Auditorium de Radio France, 8 juin (Photo © DR)
 
dimanche 10 juin 2018 à 01h38
Entrée de Don Pasquale de Donizetti au répertoire de l’Opéra (Palais Garnier), cent-soixante-quinze ans après sa création au Théâtre italien de Paris. Un dramma buffo musicalement plus complexe que ne le laisseraient penser les entraînantes mélodies dont il est parsemé, et dramatiquement plus dramma que buffo sous ses airs de joyeuse comédie. C’est ce qu’a tenté de mettre en valeur le metteur en scène Damiano Michieletto – connu in loco pour un Barbier de Séville réussi (voir ici) et un Samson et Dalila moins heureux (et ) –, jusqu’à l’image finale où l’on voit le barbon prétendant à l’amour d’une belle dans une maison de retraite, entouré de vieilles dames pomponnées. Comme Le Barbier, Don Pasquale est transporté dans l’univers de Dino Risi : maison étriquée aux portes aussi nombreuses qu’inutiles, Fiat années 1950 devant la porte, luxe tape-à l’œil quand s’installe la pseudo-épouse commise à rendre la vie impossible aux vieux présomptueux, le tout agrémenté de scènes filmées en incrustation (illusion – désillusion). Michieletto a voulu étoffer la fable, ce qui se comprend, mais Don Pasquale n’est pas La Femme silencieuse de Richard Strauss (sur un sujet similaire, mais librettisé par Stefan Zweig d’après Ben Johnson) et l’ouvrage s’en trouve plus agité que dynamisé. Heureusement le chef Evelino Pido, spécialiste de ce répertoire, veille au rythme et conduit l’orchestre telle une Formule 1, au risque de sacrifier l’élégance post-rossinienne de la musique. Mêmes références dans la direction d’acteurs :  Michele Pertusi est un Pasquale musicalement stylé mais jouant « cinéma », assez loin des grands bouffons alla Gabriel Bacquier, Florian Sempey (un futur Don Pasquale ) joue l’intriguant Malatesta en double de Figaro (son rôle fétiche), Nadine Sierra soigne son look (quelque chose de Natalie Wood) au moins autant que ses vocalises, alors que les allures hip-hop de John Brownlee n’influent en rien sur ses qualités de ténor de grâce.

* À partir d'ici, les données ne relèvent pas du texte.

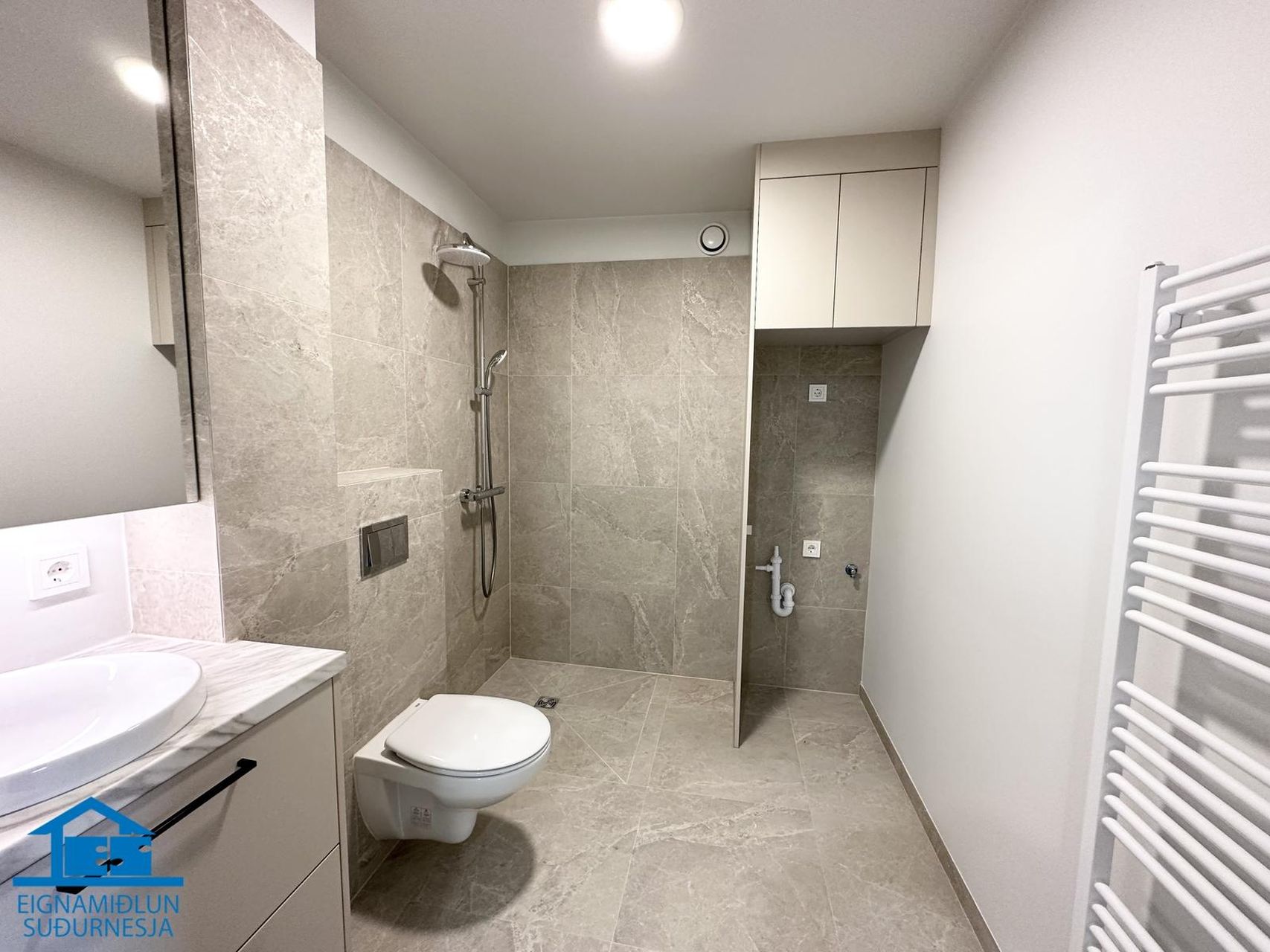 Baðherbergi: Hefur flísar á gólfi og veggjum að hluta, snyrtileg innrétting, upphengt salerni, sturta og handklæðaofn. Góð þvottaaðstaða með innréttingu fyrir þvottavél og þurrkara í vinnuhæð.
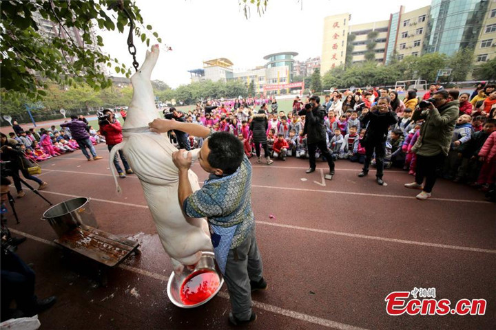 In einer besonderen Unterrichtsstunde an einer Grundschule im südwestchinesischen Chongqing habe ein Metzger gestern ein Schwein vor einer Gruppe von Schüler(inne)n zerlegt, um ihnen direkte Erfahrung in diesem traditionellen Volksbrauch zu vermitteln, berichtete die Chongqing Morning News.
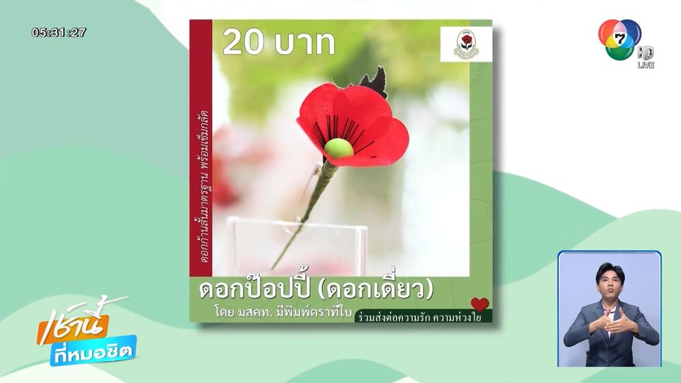 เช้านี้ที่หมอชิต - "สัปดาห์ดอกป๊อปปี้บาน วันทหารผ่านศึก" 27 มกราคม ถึง 3 กุมภาพันธ์นี้ ขอเชิญชวนทุกท่านซื้อดอกป๊อปปี้ ร่วมช่วยเหลือครอบครัวทหารผ่านศึก ได้ที่ มูลนิธิสงเคราะห์ครอบครัวทหารผ่านศึก ในพระราชูปถัมภ์สมเด็จพระศรีนครรินทราบรมราชชนนี Line : @popythailand โทร. 0-2245-3303, 09 2750 2642
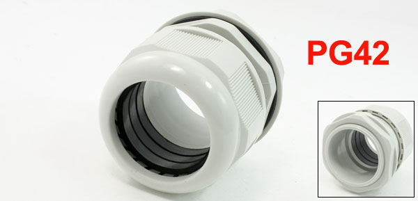 Product Name Cable Gland Model PG42 Cable Range 32-38mm / 1.26" x 1.5" Thread O.D. 57mm / 2.25" Thread Length 9.5mm / 0.37" Total Size 7 x 7cm / 2.8" x 2.8" (Max.D*H) Material Plastic Color Graywhite Weight 103g Package Content 1 x Cable Glands - Reviews
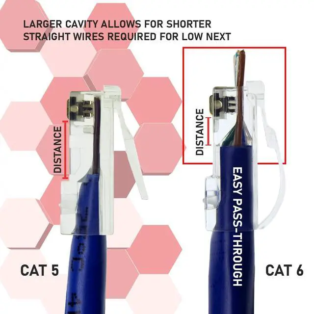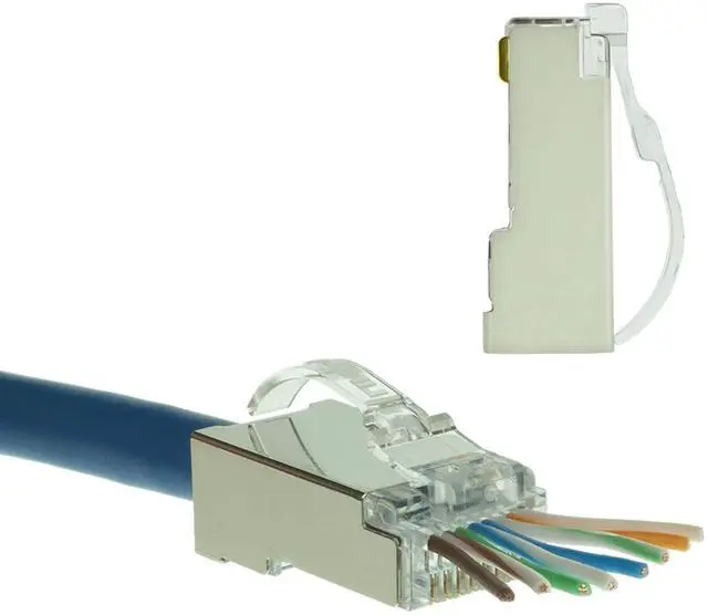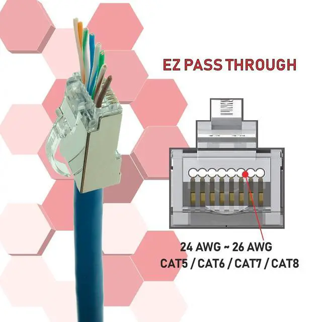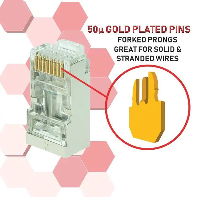 Get WiredLINKUP Cat6 RJ45 Snagless Shielded Twisted Pair Easy Pass Thru Modular Connectors maintain gigabitEthernet performance standards. Featuring affordable pricing and a quality build that meet allcertification standards. These RJ45 Snagless plugs are easily installed: simply strip the jacket, feed the wires through theconnectors and crimp with the corresponding crimping tool. No need to straighten thecable which can cause signal loss due to cable damage. The transparent casingallows you to easily verify the routing sequence and prevent wasted connectors due toinstallation mistakes. Compatible with all Category 6 8p8c wires between 24 to 26 AWG. Standard 3 prong passthrough design allows for the length of your RJ45 cables to be easily customizable. Also backwards compatible with Cat5e and Cat5 cables. Featuring gold-plated contact points for reliable fast connections to build your network, with a 3prong design for enhanced signal integrity. These Cat6 Snagless Easy Pass Thru Connectors are tested and are RoHS, UL, Reach and FCCstandards compliant, and ISO 9001, ISO 14001 Certified. Compliant with applicationstandard PoE+ (Power over Ethernet Plus). Backed by a Linkup Limited 1-Year Warranty.

Ovation au rideau final, comme une libération des soucis quotidiens, ce que n’a pas dû manquer de remarquer le premier ministre, ce soir présent dans la salle. 
François Lafon 

Opéra National de Paris – Palais Garnier, jusqu’au 12 juillet. En direct au cinéma et sur Culturebox le 19 juin
 (Photo © Vincent Pontet/OnP)


vendredi 8 juin 2018 à 01h03
Nouvelle production de Boris Godounov à l’Opéra Bastille. Vladimir Jurowski (direction) et Ivo van Hove (mise en scène) ont préféré la « petite » version originelle en sept scènes (1869) à la « grande » (1874), où Moussorgski joue le jeu du grand opéra comme on l’aimait de son temps. Pour les mêmes raisons qui ont déplu il y a cent-cinquante ans, notre époque est plus séduite par la première, ramassée, elliptique, centrée sur le drame politique et la personnalité du tsar assassin. Plus prospective aussi : on y chante comme on parle (un véritable manifeste esthétique) et la grandeur tragique naît de la situation davantage que de la posture. On pourrait y ajouter un désenchantement historique : le peuple n’y a pas la première place comme il l’a dans la version de 1874, et l’œuvre se termine sur la mort de Boris et non sur la violence collective dans la forêt de Kromy. « Aujourd’hui, je n’ai pas l’impression que la révolte prenne », commente Ivo van Hove. Celui-ci s’autorise de Pouchkine (« J’ai imité Shakespeare dans sa peinture vase et libre des caractères ») pour relier Boris Godounov a ses amours élisabéthaines (voir ici). Au centre, l’« escalier  du pouvoir » selon Jan Kott (Shakespeare notre contemporain), autour, la foule grise et les hommes en complet gris qui la manipulent. Tout cela assez froid, assez figé, clinique presque, aux antipodes de la tradition expressionniste et hallucinée remontant à Chaliapine, jusque dans les projections géantes (concession à la mode mais aussi signature du metteur en scène – voir ses Damnés à la Comédie Française) censées nous faire entrer dans la tête malade du tsar. Même retenue chez les chanteurs, à commencer par Ildar Abdrazakov (Boris) - voix superbe mais charisme parcimonieux - et Ain Anger (Pimène) - plus agent d’investigation que moine justicier. Jurowski aussi joue le jeu, bridant la personnalité volcanique qu’on lui connaît et refusant l’effet au point de paraître par moments diriger la sombre version Chostakovitch en lieu et place de celle de Moussorgski, rugueuse et originale dans tous les sens du terme.
François Lafon

Opéra National de Paris – Bastille, jusqu’au 12 juillet. En direct au cinéma et sur Cluturebox le 7 juin. En différé sur France Musique le 24 juin (Photo © Agathe Poupeney/OnP)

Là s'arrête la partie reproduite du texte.